Other People’s Comfort Keeps Me Up at Night
Morgan Parker
Switchback Books, 2015
In Parker’s debut poetry collection, she uses stream-of-consciousness writing to create a non-linear portrait of her experience as a black woman in America. While some verses appear scattered and nonsensical, closer examination leaves the reader stunned; each word fits perfectly into the poem and not a single breath is wasted.
“Dreams are sex and towers.
Freshly cut grass nowhere except brain tunnels.
In the morning you roll over and tell me
there is something to be said
about the last one in the pool, unassuming DJ names,
and folks with imprints on diner stools.
These are all of my personas. You love
broken skin the way I want to punch liars in the face.”
– an excerpt from “Poem Made of Chewed-Up Nicorette from the Garbage in Front of Kate Hudson’s House”
PROSE
In Cold Blood
Truman Capote
Random House, 1966
Funnily enough, I first read this book because of a middle-school book report assignment for which we were supposed to read a novel by a “great American author.” I chose Capote, and was immediately captivated by the true story of the gruesome murder of the Clutter family in Holcomb, Kansas. Something about the way Capote depicts nuanced, multifaceted individuals has always stuck with me. In Cold Blood is an investigative journalism piece turned novel, and, in this case, fact is much more horrifying than fiction.

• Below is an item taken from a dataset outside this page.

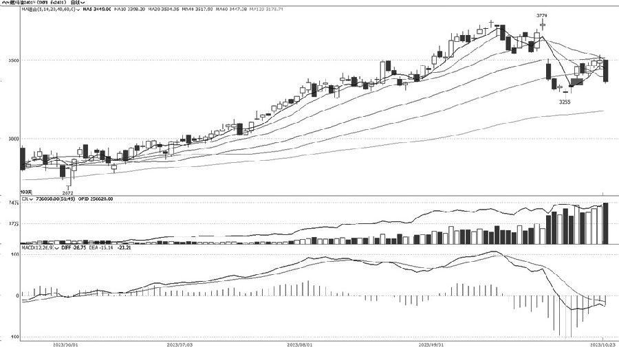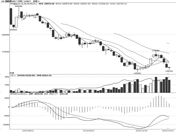 周线上,燃料油2401合约上周反弹后,期价遇阻于10周均线,本周承压下行,周线级别的MACD指标有死叉继续走弱迹象。日线上,周一的大阴线放量增仓跌破之前4个交易日的低点,形成断头铡刀的组合;短期均线空头向下压制期价,特别是20天均线的压力尤为突出;40日、60日均线虽未明显拐头向下,但依然形成反压。综合看,期价有望延续调整格局。操作上,可以3450元/吨做防守,在适量反弹后轻仓参与空单,下方支撑3200元/吨附近。 碳酸锂 二次探底
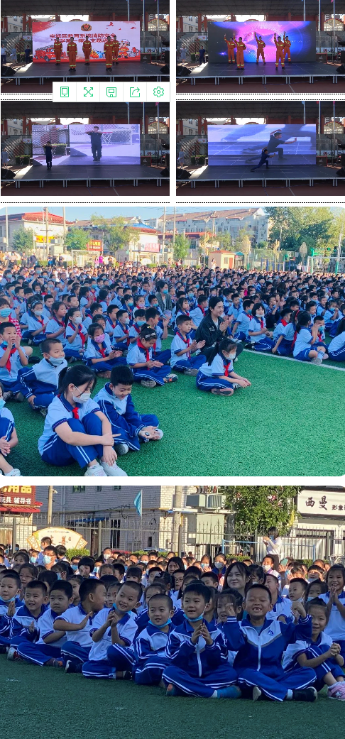 学生清点人数后,丰富多彩的消防安全“开学第一课”主题活动开始啦!消防指战员带来的舞蹈、武术、服装展示、器材展示;小朋友带来的京韵大鼓《消防英赞》和歌曲《听我说谢谢你》迎来了台下小观众的一阵阵热烈掌声和欢呼声,“消防知识一站到底”答题小游戏、变身小小消防员活动和指战员的操法演示更是将现场的气氛一次次推向了高潮。

“Dick stripped to his briefs was not quite the same as Dick fully clothed. In the latter state, he seemed a flimsy dingy-blond youth of medium height, fleshless and perhaps sunken-chested; disrobing revealed that he was nothing of the sort, but, rather, an athlete constructed on a welterweight scale. The tattooed face of a cat, blue and grinning, covered his right hand; on one shoulder a blue rose blossomed. More markings, self-designed and self-executed, ornamented his arms and torso: the head of a dragon with a human skull between its open jaws; bosomy nudes; a gremlin brandishing a pitchfork;”
The Buddha of Suburbia
Hanif Kureishi
Faber and Faber, 1990
The Isabel that read this novel for the first time was shocked by the candor with which Kureishi discusses sexuality, racism, and family ties. And although I have matured, I am still taken aback by one thing: Kureishi’s ability to bring the issues and characters that inhabit the story to life. The story centers around a half-Indian, half-White boy’s journey to self-discovery; it becomes a kind of nontraditional depiction of the traditional coming-of-age.
“It was all trains and shitting sons, and the bursting of frozen pipes in January, and the lighting of coal fires at seven in the morning: the organization of love into suburban family life in a two-up-two-down semi-detached in South London.”
Black Hole
Charles Burns
Pantheon Books, 2005
This book diverges from the others on this list because it’s actually a graphic novel. And however well the story stands alone, with the illustrations, it’s a masterpiece. The premise of the piece is that a town is being ravaged by a mysterious sexually transmitted disease that transforms the afflicted into permanently disfigured and emotionally changed individuals. They become societal outcasts that live in the forests on the outskirts of their town. In Black Hole, Burns perfectly captures the emotions of first love and loss, not only of aforementioned love, but of everything one knows to be true.
“Shit! Shit! SHIT! This is the part that I can’t take. I’ve been carrying around this photo for months… and it doesn’t help. I mean, it doesn’t even look like you. I need you so bad, I want you out here with me just one more time… but I know that’s never going to happen. I know you’re gone forever… and the bad part, the part that I can’t take is I’m starting to forget. I used to know every inch of your body… your profile, the smell of your skin… and now it’s starting to fade. I don’t want to forget you. I don’t want to get old and stupid and… I’ll remember the time we were out here together… when we were young and you were mine. I’ll remember. I promise.”